Janice Taylor is a force to be reckoned with.
In just nine years, the Kelowna resident went from Googling “how to start a tech company” to being the force behind an app that helps young people safely transition to online life. That, in turn, has sent her jet setting across the U.S. and influencing change in a male dominated industry.
Take this month for example — Taylor brought Mazu Family to meetings in San Fransisco and New York. Then she went to LA to represent Canada in a Women in Tech event at the Canadian consulate, with Prime Minister Justin Trudeau. Trudeau had a number of U.S. speaking engagements that week, pitching Canadian globalism and the country’s new fast-track visa as reasons why Silicon Valley companies should consider Canada as a place to do business and spend money.
Canada is offering a two-week, fast-track employment permit for certain workers, dubbed the “global skills strategy visa.”
Government-sponsored billboards in Silicon Valley pitch: “H1-B Problems? Pivot to Canada.”
Taylor already sees the benefit of working in Canadian tech.
“All my 24 staff is in Kelowna and I live there and my children go to school there,” she said.

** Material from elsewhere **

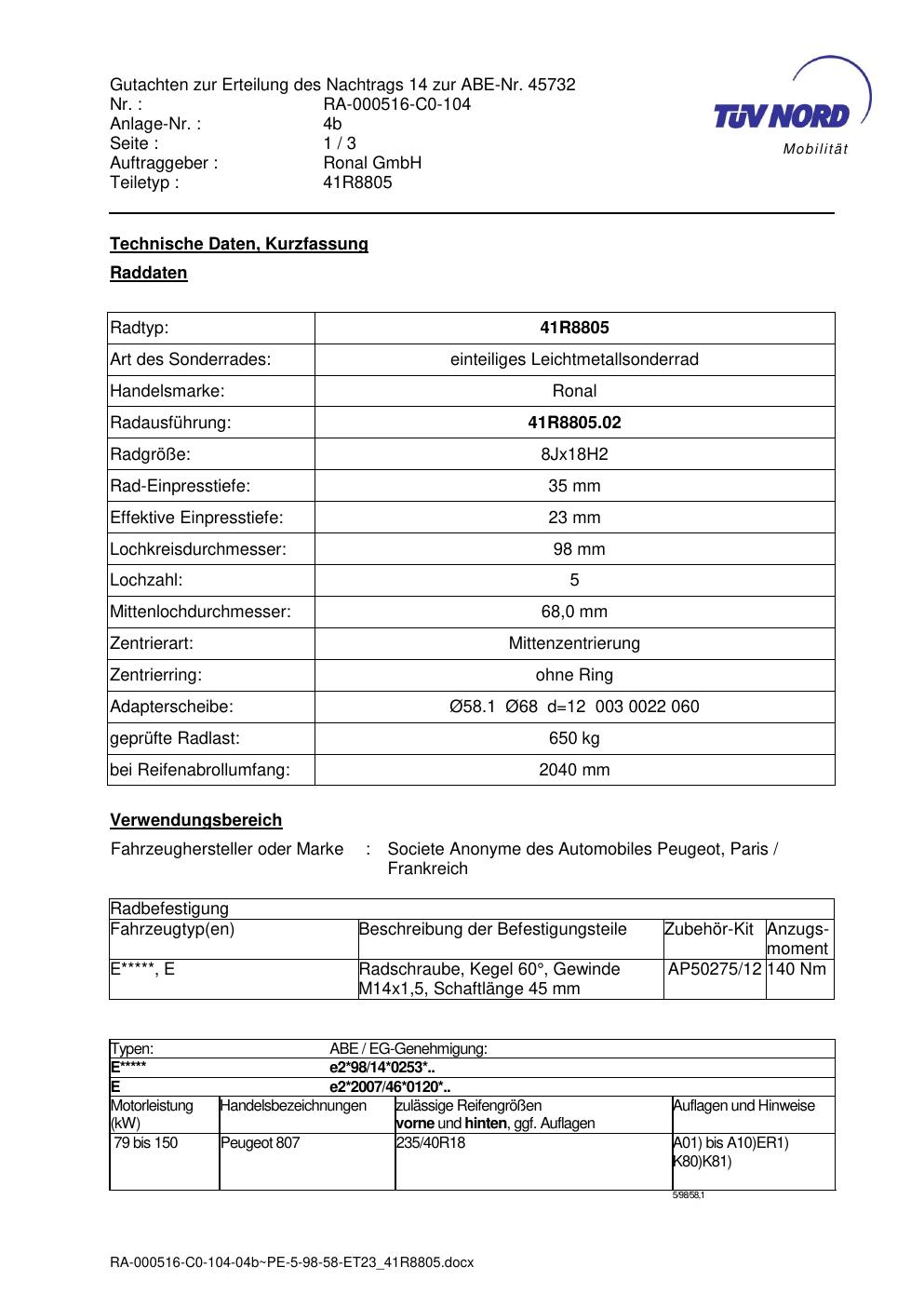 Dieses Gutachten (abe) bezieht sich auf die Alufelge brand-ronal 41R8805 in der Ausführung 8Jx18 ET 0, Mittenloch 0 mm (KBA 45732). Im PDF findest du typischerweise zulässige Reifengrößen, Auflagen/Anbauhinweise und – je nach Dokument – Hinweise zur Eintragung.

Being in transit as often as she is is a significant undertaking, but the work is valuable and that fuels her.
Mazu is a free app that gives kids, and their families, a forum to communicate on. Through it they can focus on their favourite sports teams and specific interests. For kids to use the app they have to have a parent’s approval and potentially interaction.
It’s what Taylor refers to as a “digital village.”
“We don’t use ‘like’ buttons, we don’t follow things,” she said, explaining that its the antithesis of traditional social media, which preys on the desire to be liked, validated, and rewarded.
“The content in our digital village is tagged with our core values. We filter so there is no bad content or bad language.”
There was such a gap in the online world when she started the app, that it’s turned heads and Taylor has managed to raise $7 million through angel investors to get it off the ground.
And the idea has fuelled her as she worked to navigate a male dominated industry.
“If you look at the statistics today, only five per cent of all tech companies are run by women,” she said. “In the City of Kelowna there are only two other female tech company founders and they’re co-founders.”
Getting to the top of a male dominated industry has been a slog and Taylor has some war stories.
“I’ve had men ask, ‘can I touch your hair,’or ‘your hair is distracting,’ ‘who takes care of your kids when you travel’ and ‘are you planning to have another baby?” she said.
What’s been the worst, however, is those who doubt she has the expertise on the issues she’s trying to address through the app, to be in the industry.
“ It astounds me. I have 14 year old on social media, I have friends, we talk … as if I won’t understand this population,” she said. “In the last two years there’s been a 50 per cent increase in girl suicide. It’s the first time in history that girls are killing themselves more than boys. Who better to solve that problem than a mother?”